Due to some sort of data mis-handling, morphometric data that was previously taken for thousands (seriously, THOUSANDS) of Pacific oysters in 2014 was found to be incorrect. Unfortunately, there’s not enough of a “paper trail” to back track to see what/where things might have gone wrong to try to fix the issues. Essentially, they all had to be re-measured!
The one good thing is that all of the oysters were photographed at the time of sampling (along with a ruler), which allows us to go back and measure them.
I re-measured them all using the free imaging software ImageJ.
Oyster measurements taken were length and width. For length, the oyster was measured from hinge to the leading edge of the shell, attempting to measure as close to the theoretical center line of the oyster as possible, while also capturing the two points furthest from each other. The width was measured at the apparent widest part of the oyster and attempted to be perpendicular to the length measurement line.
Each image with the measurement lines was saved as a .tif file and the filename appended with “measured”. Additionally, each image produced a corresponding Excel file named CgOA_measurements_bag_info.xls, where “bag_info” contains information regarding the oysters in that set.
Images were measured by setting the pixel scale using 100mm (10cm) measurement on each image via the ruler in the image. Images were greatly enlarged when setting the scale to improve scale accuracy. Some images did not contain a ruler. Instead, the scale was set using the length of a weigh boat: 89mm (8.9cm). Weigh boat size was gathered from manufacturer specs: VWR Cat#89106-768 (8.9cm x 8.9cm x 2.5cm). Files corresponding to these sets of measurements are appended with “no_ruler” in the filename. The sample sets that were measured in this fashion were oyster bags:
The measured images and the individual Excel files were uploaded to the following Dropbox location: Dropbox/Friedman Lab/Carolyn Lab/Manuscripts/2016/Cg OA selection/Data/Sam DATA.
Data from the individual files was aggregated in the following spreadsheet in Dropbox: Dropbox/Friedman Lab/Carolyn Lab/Manuscripts/2016/Cg OA selection/Data/Sam DATA/files to merge/Cg OA selection 9mo sampling All 3 sites_survival data_ FOR SAM to add L and W data.xlsx
Data is still missing (i.e. no labelled image file was present) for the following oysters:
- 458 21-37
- 486 1-20
- 556 20-45
- 588 1-19
Here’s a quick summary of the amount of data I gathered. I’ll provide details of how I used ImageJ to not only measure the samples, but also create a more reproducible means of following the data acquisition process so that we can improve our ability to follow the “paper trail” from who acquired the data, how they acquired it, and allow people to easily review that data. This way, once all this data is transposed to some master spreadsheet, it will still be granularly accessible for any future troubleshooting that might be needed. I’ll do this in a separate post .

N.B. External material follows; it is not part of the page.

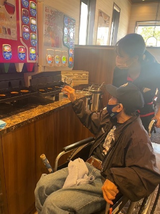 利用者さまの食べたいもの・飲みたいものをできるだけ実現させるため、さまざまな工夫を取り入れています。気管切開を行い人工呼吸器を使っている利用者さまでも、食事やスイーツなどを食べやすい形状にしてお口で味わうことや、胃ろうを通してアルコールを摂取することが可能です。「胃ろうからお酒?」と驚かれるかもしれませんが、MCではできる限り利用者さまのご希望に沿えるよう、体調と相談しながら柔軟な対応を行っています。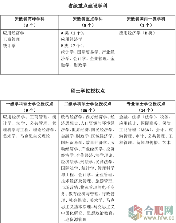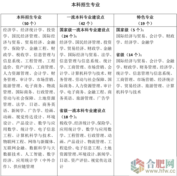 學校堅持育人為本。建校以來,累計為國家和社會培養各類人才18萬余人。學校目前在全國31個。ㄊ小⒆灾螀^)一本批次招生,現有全日制本科生、研究生20317人,繼續教育學生1萬余人。現有50個在招本科專業,其中國家級一流本科專業建設點24個、省級一流本科專業建設點18個,一流專業占比位居安徽省高校第2,F有5門課程入選首批國家一流課程、1門課程入選首批國家級課程思政示范課程。學校學生在學科競賽中的成績,位列2017至2021年全國普通高校大學生競賽榜單人文社科類高校第3。學校不斷推進知識探究、能力提升、素質培養、人格養成“四位一體”人才培養體系建設,不斷深化“新文科”“新工科”人才培養改革,探索實踐“新經管”人才培養模式,致力于培養具有社會責任感、人文情懷、科學精神和國際視野的高素質創新型人才,畢業生受到社會廣泛認可。

So, what did this work produce and how did I determine this information?
Using Bash (i.e. command line in Terminal):
Count the number of image files analyzed (i.e. saved) by ImageJ:
ls -1 *.tif | wc -l 163
Count the number of spreadsheet files produced by ImageJ:
ls -1 CgOA*.xls | wc -l 164
Well, there’s an odd discrepancy. These should be the same number. However, if anything were off, I’d expect the number of images to be greater in number than the Excel files. That would indicate I went through the measuring process, but neglected to save the data. However, this suggests that there’s an “extra” Excel file. It’s possible that I accidentally saved the image to a different location by accident. Will look into this…
Count the number of measurements taken. This will be a two step process.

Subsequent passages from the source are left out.